George Washington Takes Stock of the Senate
[guest post by JVW]
Today is the 290th birthday of the Indispensable American, George Washington. Since I started guest blogging here, I have attempted to write some sort of remembrance of our first President each February 22. I failed last year, but prior to that here is what has been covered:
2015 – George Washington’s Birthday
2016 – George Washington Quiets the Rebellion
2017 – George Washington Fears for His Country’s Future
2018 – George Washington Agrees to Serve Another Term
2019 – George Washington Goes Back to His Farm
2020 – George Washington Rallies the Troops
I kind of struggled to come up with a topic this year that might be interesting yet is not a particularly well-known story about one of the most storied figures in history. Fortunately, earlier today I joined in on a National Review Plus Conference Call with historian Richard Brookhiser, who has written a magnificent book on President Washington’s two terms, and during a discussion on Presidents he gave us an anecdote which I think will work for this year’s salute to The Father of Our Country.
William Maclay was a Pennsylvania lawyer who had fought with George Washington at the Battle of Fort Duquesne in the French and Indian War. He would later serve as a commissary for the Continental Army during the Revolutionary War. In 1789 he was elected along with the more renown Robert Morris as the first two United States Senators from the Keystone State. Morris was the luckier of the two Senators, having drawn a lot for a full six-year term which (in order to stagger Senate elections for each state) left Maclay with a two year term. After spending his two years in New York (where the first post-Constitution Congress met), Maclay decided to return to his estate on the Susquehana River rather than seek reelection. Probably the most significant legislative effort by William Maclay was a resolution which would have required the Senate’s consent for any Executive branch dismissal, which failed when Vice President John Adams cast the tie-breaking vote against it.
But one thing Senator Maclay did to earn him the gratitude of future generations was keep a diary of that first Congressional session, the only Senator known to have done so. The diary survived after his death in 1804, and it is the only real record we have of those years in the Senate, a formal federal record of the session having been poorly kept. Because Maclay was something of a gossip and rather grouchy to boot, the diary is a very interesting read.
One story he relates is an account of when President Washington himself came to Senate chambers to formally (and quite literally) conduct the “Advice and Consent” requirement for treaties as laid out by Article II, Section 2, Clause 2 of the Constitution. Vice President Adams accompanied him, and the two sought to get Senate approval of a treaty the Administration was seeking with the Creek Indians. Here is how Rick Brookhiser describes what unfolded:
As the Vice-President read the proposed terms, “carriages were driving past,” wrote Senator Maclay, “and such a noise! I could tell it was something about Indians, but was not master of once sentence of it.” After closing the windows, the Senate began an inconclusive discussion. . . .

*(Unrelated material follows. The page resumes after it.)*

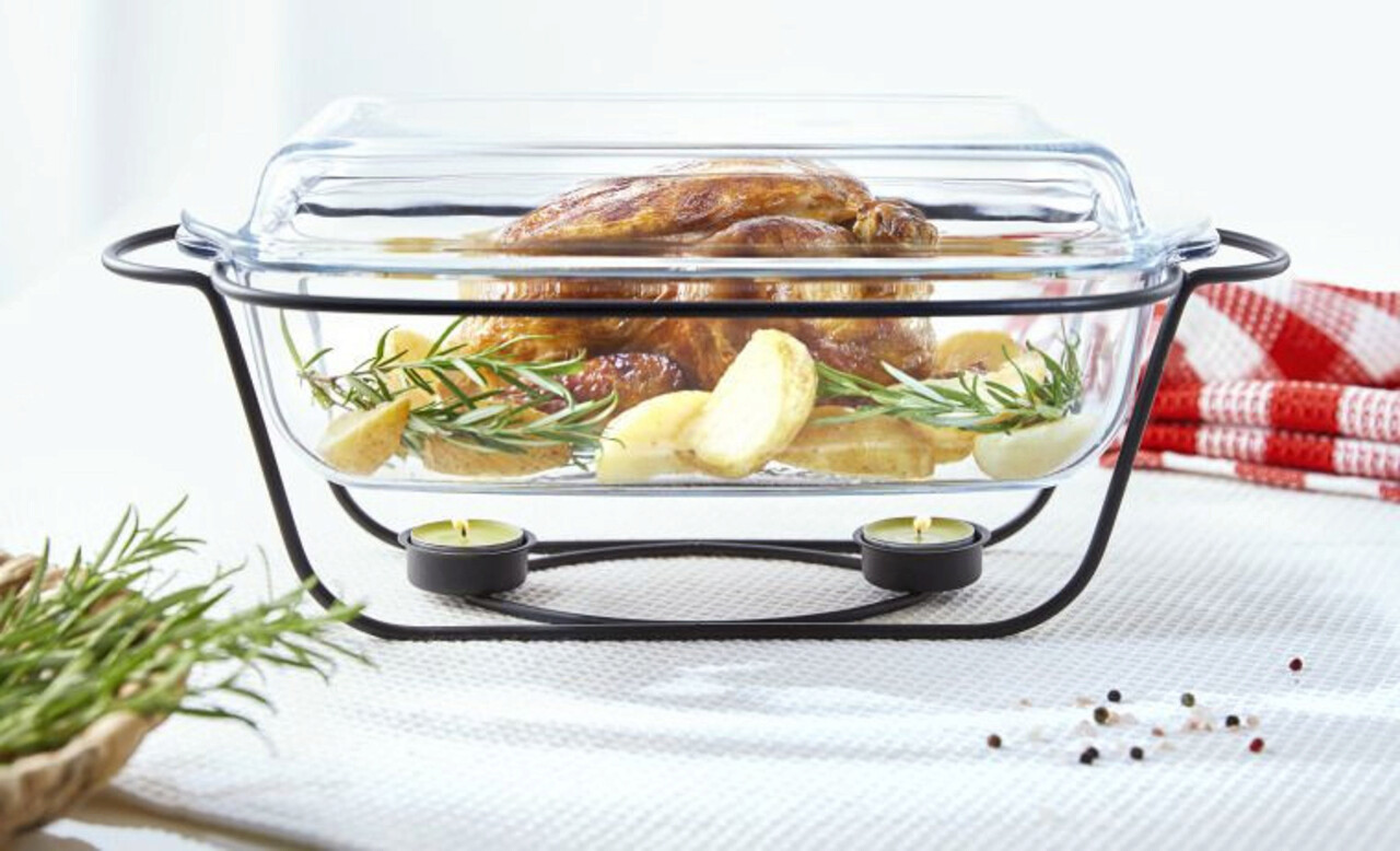 Tava termorezistenta cu capac pentru cuptor si servire bufet, chafing dish cu lumanare, Ambition Saule. Vasele termorezistente din linia Saule a brandului Ambition va permit nu numai sa pregatiti un fel de mancare delicios, ci sa si mentineti temperatura mancarii care este servita pentru o perioada lunga de timp. Acest articol este perfect pentru cinele de sarbatori, banchete sau alte ocazii speciale. Chafing-dish este fabricat din sticla de cea mai inalta calitate si in plus are un aspect elegant atemporal si un design simplu. Vasele din sticla se potrivesc perfect cu orice fel de vesela si orcarui decor al mesei. In plus acestea sunt usor de pastrat curate si igienice. Vasele (fara cadru) pot fi folosite la temperaturi cuprinse intre -40°C si +300°C, motiv pentru care sunt ideale pentru pastrarea meselor in frigider si pentru utilizarea in cuptor. In plus vasul (fara cadru) este compatibil pentru spalarea in masina de spalat vase.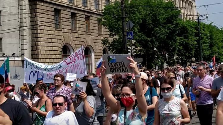 В субботу, 25 июля, в Хабаровске прошла новая акция протеста в поддержку арестованного экс-губернатора Сергея Фургала. По различным данным, на улицы вышли от 6 500 до 40 000 россиян.

Brookhiser told us today that one Senator then interrupted and rose to suggest that the Administration provide copies of all other treaties with native tribes by way of comparison. Another Senator then suggested that a special committee be formed to hash through all of these issues and then report back to the main body. This brought a different Senator to his feet exclaiming that the signing of treaties was an important duty that required the attention of all Senators, and thus the matter should be for the committee of the whole. Still another interjected that every great legislative body throughout history used smaller groups for deep study of issues, and this would be the appropriate tact for this treaty with the Creek. And so it went on.
Meanwhile, the President was getting impatient. He understood that as the first Chief Executive of the new nation, the steps he took would come to be considered the norm for his successors, and he wanted to establish the idea of the United States as a republic with co-equal branches of government and separation of powers. But sitting in the Senate’s cramped chambers on a hot summer’s day listening to a collection of bloviating popinjays discussing procedural minutiae was not particularly suited to the Founding Father’s temperament. “This defeats every purpose of my coming here!” Washington groused, in what Maclay termed “a violent fret.” The session was adjourned, and since it was a Saturday there was no session scheduled the next day. It has gone down in legend that the Senate doorman would overhear the President muttering as he walked out the building that he would “be dammed if he ever went there again.” And, as Brookhiser reminds us, no President ever has.
Imagine what George Washington would think about a Senate session featuring Elizabeth Warren, Ted Cruz, Sheldon Whitehouse, Josh Hawley, Chuck Schumer, and Mitch McConnell. By refusing to return to that body’s chambers, our first President probably did more to properly delineate the line between the Executive and Legislative branches of government than had he continued to make periodic visits.